Wall Street will be looking for clues as to what is to come as the Federal Reserve continues to aggressively raise interest rates and cool the economy.

What is happening: Four of the largest banks in the country — JPMorgan Chase

(JMP)
Wells Fargo

(WFC)
Citigroup

(VS)
and Morgan Stanley

(MRS)
– publish third quarter results before the bell on Friday. Their CEOs will also answer questions from investors, analysts and journalists on their views on the broader economy.

Banks are able to charge customers more to borrow when interest rates rise – so in theory this should be a good environment for them. But a weakening economy also means that demand for loans begins to dry up. Analysts polled by Refinitiv expect lower earnings from the year-ago period at all four banks.

Beyond the disappointing headlines, Wall Street analysts are focusing on three important factors: loan growth, capital adequacy and the economic outlook.

Loan Growth: The rate at which companies borrow money from big banks doesn’t just tell us about the health of a financial institution itself. It also tells us a lot about whether companies are planning to expand over the next few months or are bracing for a downturn.

Analysts expect loan growth to remain strong in the third quarter. “Credit risk and loan loss exposure are starting to creep into the picture, but won’t be front and center in third-quarter 2022 results,” CFRA research director Kenneth Leon wrote in a statement. note.

But Wall Street estimates show that loan growth is expected to slow in the fourth quarter and into next year.

Individual loan growth will likely decline, showing that Americans are starting to feel the pinch of rising interest rates. Mortgage rates are now twice as high as a year ago, and mortgage applications have recently fallen to their lowest level in 25 years.

Capital adequacy: Expect banks to answer questions about how much money they have. Recent turmoil in UK bond markets and negative headlines about Credit Suisse have raised concerns of a “contagion” effect in the US.

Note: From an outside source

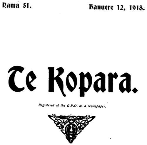 Nama 51. hanuere 12, 1918. Te Kopara. Registered at the G.P.O. as a Newstpaper. Te Oranga mo tenei Pena e Rima Hereni mo te Tau

The turmoil is unlikely to lead to another financial crisis à la Lehman Brothers: the 2010 Dodd-Frank Act forced banks to double their capital ratios and quadruple their liquidity. Major banks also participate in annual stress tests conducted by the Federal Reserve to measure their capital adequacy.

Still, investors are worried about the direct exposure to European banks.

The other problem, UBS analysts wrote in a note, “is that while banks have sufficient capital and deposit flows to support loan growth, they are less robust than they have been.” in recent years, and we expect banks to be less well positioned to return capital to shareholders through buyouts.This will likely weigh on stock valuations.

Economic outlook: JPMorgan CEO Jamie Dimon has a knack for moving markets by predicting the economic downturn. This week, shares fell after he warned that the United States could enter a recession within the next six months. Expect more commentary on the outlook and warnings from CEOs trying to prepare investors for weaker days ahead.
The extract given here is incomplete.